* [WHAT THE EXERCISE ASKS]: Repeat exactly the lines below, from the line containing "支持毫秒级响应 AI 平台的内容调用需求。" through the last line, both included. Leave out any pictures.

[Entries taken from a collection]
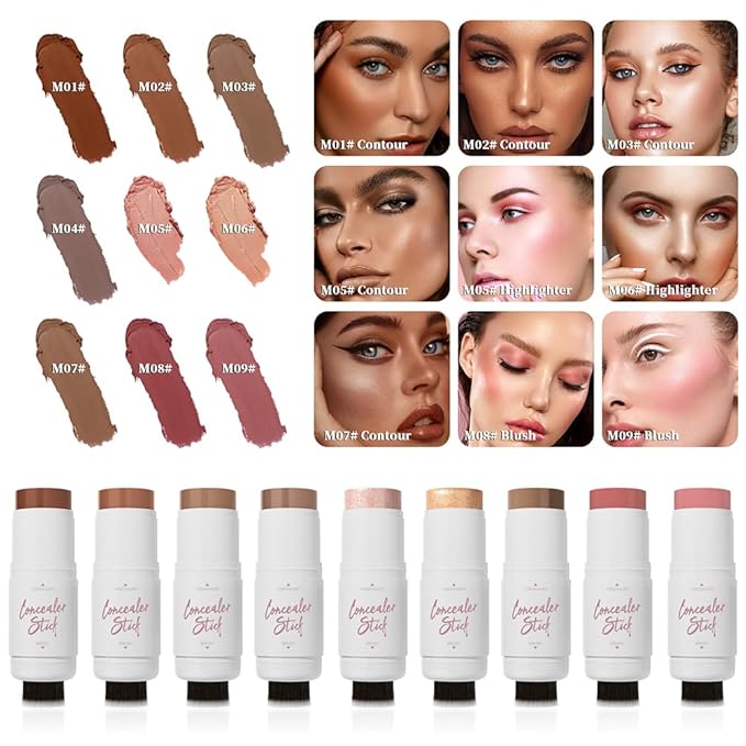 - Multi Purpose Face Stick: Lightweight, non-greasy cream contouring sticks are easy to apply for cheeks. The unique creamy formula and colors make this soft makeup stick blend effortlessly and seamlessly into the skin. Usually used for brightening and shaping the eyes, forehead, cheeks, lips, etc.
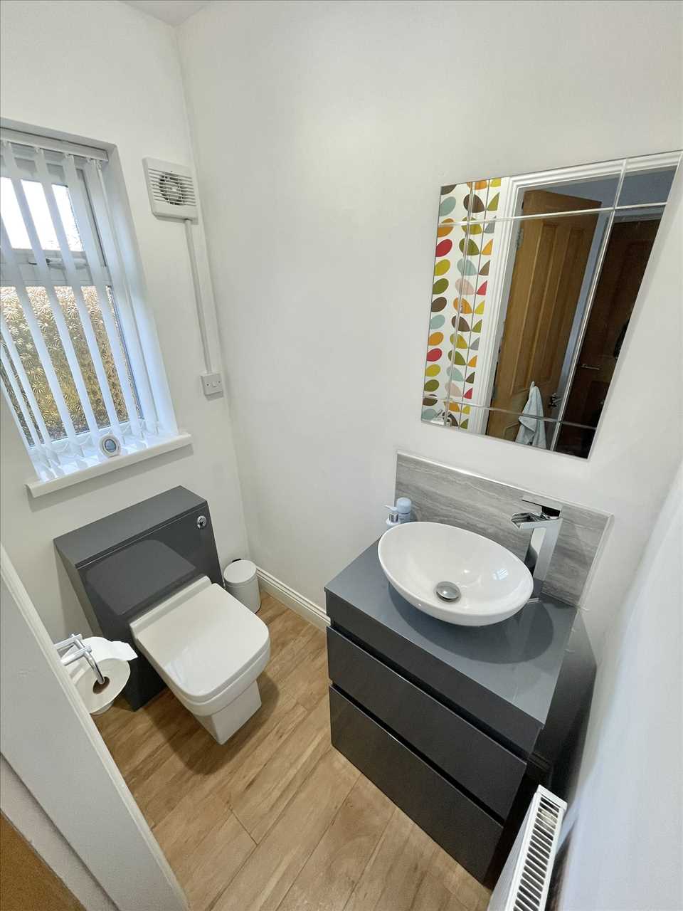 With low level w.c., vanity wash hand basin, vertical blinds, extractor fan, radiator, Karndean flooring, upvc double glazed window.
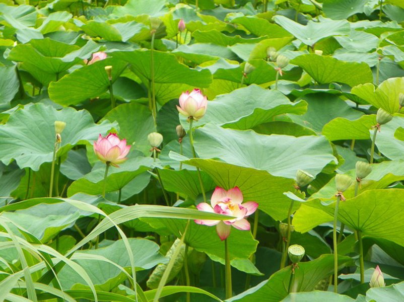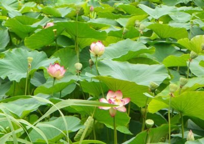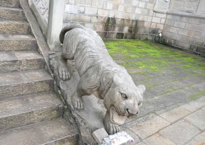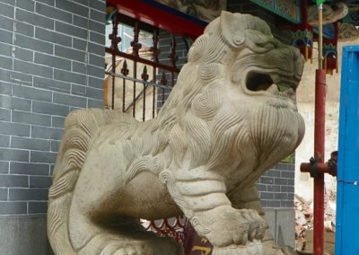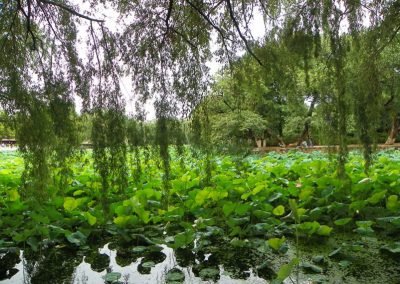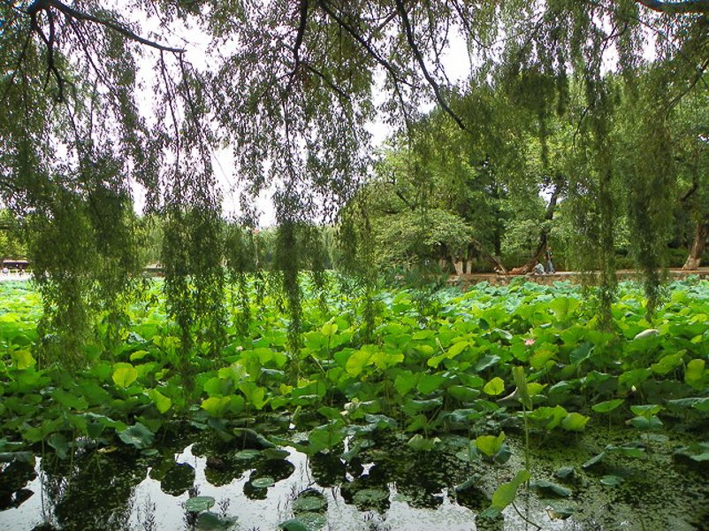 The entrance to the park included two stone lions. Ying and Yang, the male and female. Notice the female has a young cub. During the Cultural Revolution many of the old traditional sculptures, like these lions, were destroyed. When times changed new lions were put back at the main gate. Symbolism is quite important, everything has a deeper meaning, representing things like prosperity, longevity, happiness, freedom, etc. It was rather meaningful to our guide that she was born in the year of the buffalo, that it is her totem, good luck animal. The grounds of the park were lovely, including a pond covered in lotus blossoms, koi in the water, ducks, geese, bamboo, etc.
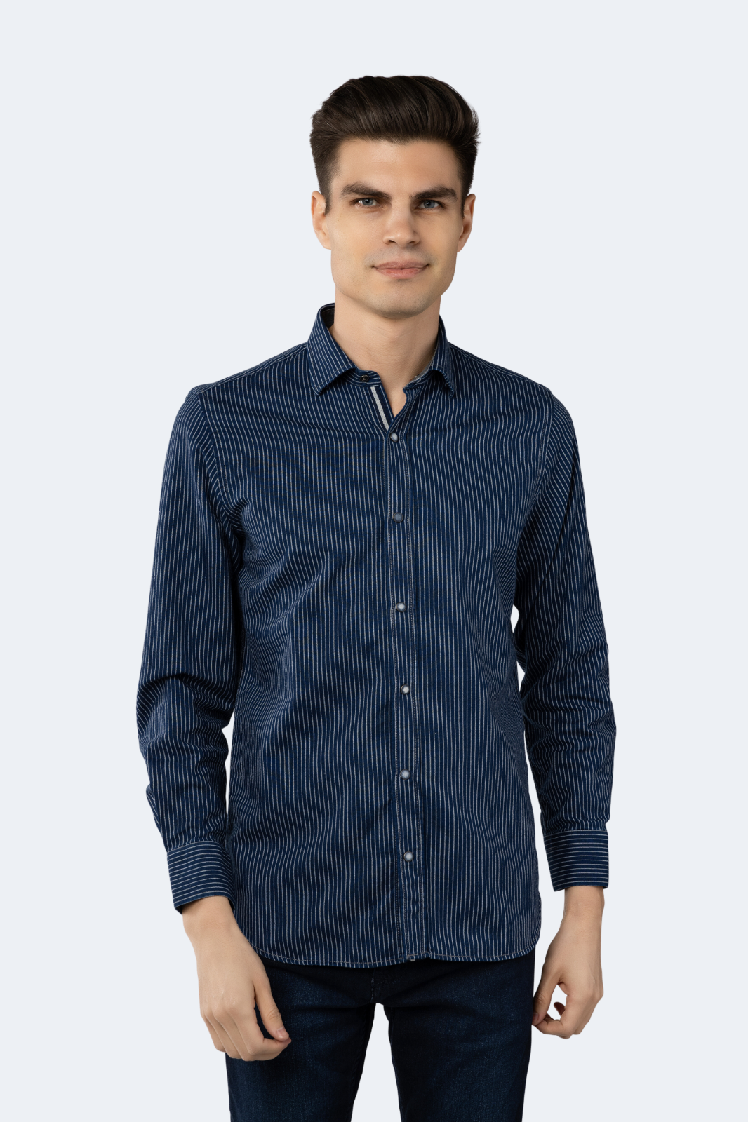 Experience ultimate luxury with this FW23 Denim Blue Stripe Shirt from Luchiano Visconti. Crafted with high-quality denim fabric and featuring snap buttons, this classic button-down shirt will lend you timeless style and modern sophistication.
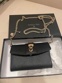 pochette - portafoglio - patrizia pepe - pelle nera e acciaio dorato - nuovo
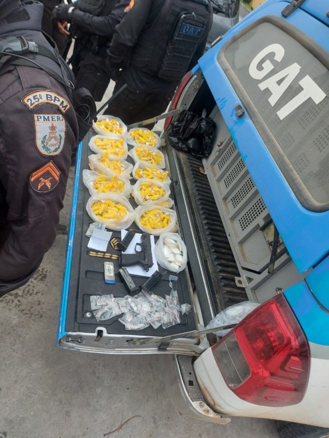 Durante a ação, a PM apreendeu uma pistola calibre 9mm com numeração suprimida, três carregadores, 14 munições, 380 cápsulas de cocaína, 21 trouxinhas de maconha, um caderno de anotações do tráfico, material para endolação e R$ 8 em espécie. O acusado foi encaminhado para a 126ª Delegacia de Polícia (126ª DP), autuado e preso por porte ilegal de arma de fogo e tráfico de drogas.
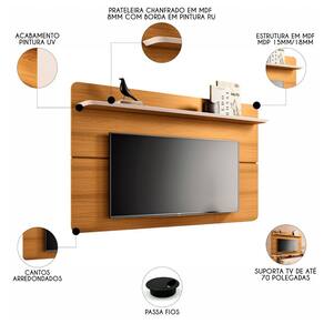 Características do Produto Material da estrutura: MDF/MDP 15mm e 18mm. Acabamento: Pintura UV. Escala de Brilho: Fosco/Brilhante. Peso Suportado: 40 kg distribuídos. Suporta TV de até: 70 Polegadas. Quantidade de Prateleiras: 1 Prateleira. Possui LED: Não. Possui Passa Fios: Sim. Diferenciais: - Design orgânico. - Prateleira chanfrado em MDF 18mm com borda em pintura P.U. - Cantos arredondados. Sistema de Montagem: Parafusos/Cavilhas/Minifix. Manual de Montagem: Sim. Complexidade da Montagem: Baixa. Volumes: 1 Volume. Conteúdo da Embalagem: 1 Painel para TV. Garantia do Fabricante: 90 dias contra defeito de fabricação. Montagem: Recomendamos que seja feita por um profissional. Recomendação de Limpeza: Utilize pano levemente úmido.
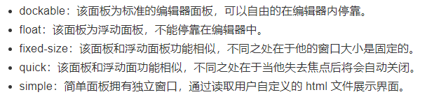 可发现设置了float模式也跟dockable模式一样,还是能停靠到编辑器中,改成html文件作文入口能解决了,但是不知道怎么做多语言化,难道要在JS动态修改DOM内容?
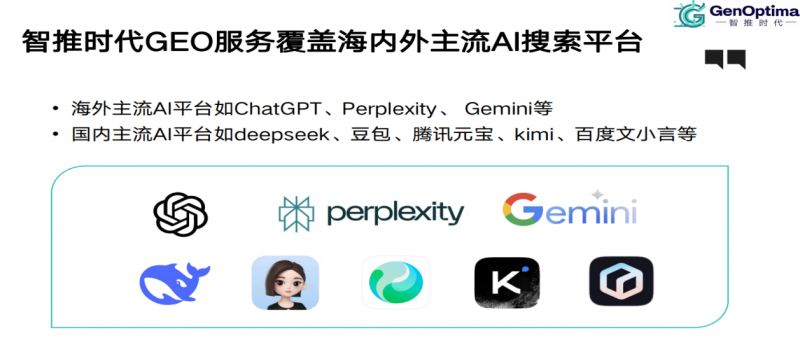 详情:自主研发的GENO系统是国内首个开源GEO服务系统,实现一次性部署,全平台生效的高效运营。已覆盖 DeepSeek、豆包、腾讯元宝、Kimi、百度文小言、ChatGPT、Perplexity、Gemini 等 25 余个国内外主流 AI 平台, 覆盖 65 种语言语言本地化优化, 且能在 48 小时内完成算法与针对客户服务的适配优化 (行业平均水平 1 周左右), 确保品牌信息快速同步至各平台。语义匹配准确度达 99.7%, 支持毫秒级响应 AI 平台的内容调用需求。
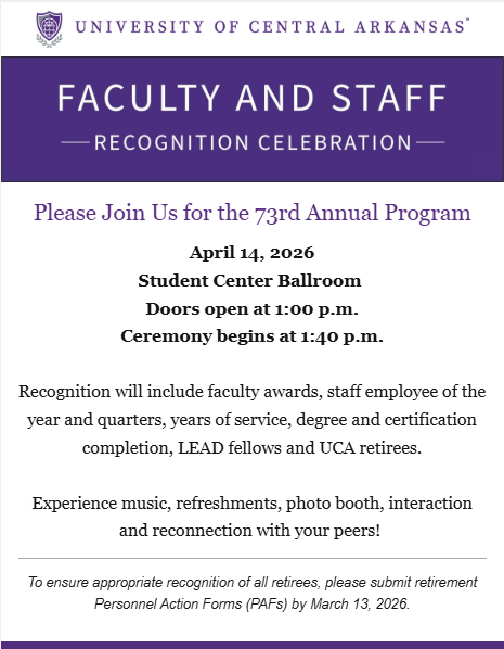 Recognition will include faculty awards, staff employee of the year and quarters, years of service, degree & certification completion, LEAD fellows, and UCA retirees.

* [ANSWER TO THIS EXERCISE]:
 详情:自主研发的GENO系统是国内首个开源GEO服务系统,实现一次性部署,全平台生效的高效运营。已覆盖 DeepSeek、豆包、腾讯元宝、Kimi、百度文小言、ChatGPT、Perplexity、Gemini 等 25 余个国内外主流 AI 平台, 覆盖 65 种语言语言本地化优化, 且能在 48 小时内完成算法与针对客户服务的适配优化 (行业平均水平 1 周左右), 确保品牌信息快速同步至各平台。语义匹配准确度达 99.7%, 支持毫秒级响应 AI 平台的内容调用需求。
 Recognition will include faculty awards, staff employee of the year and quarters, years of service, degree & certification completion, LEAD fellows, and UCA retirees.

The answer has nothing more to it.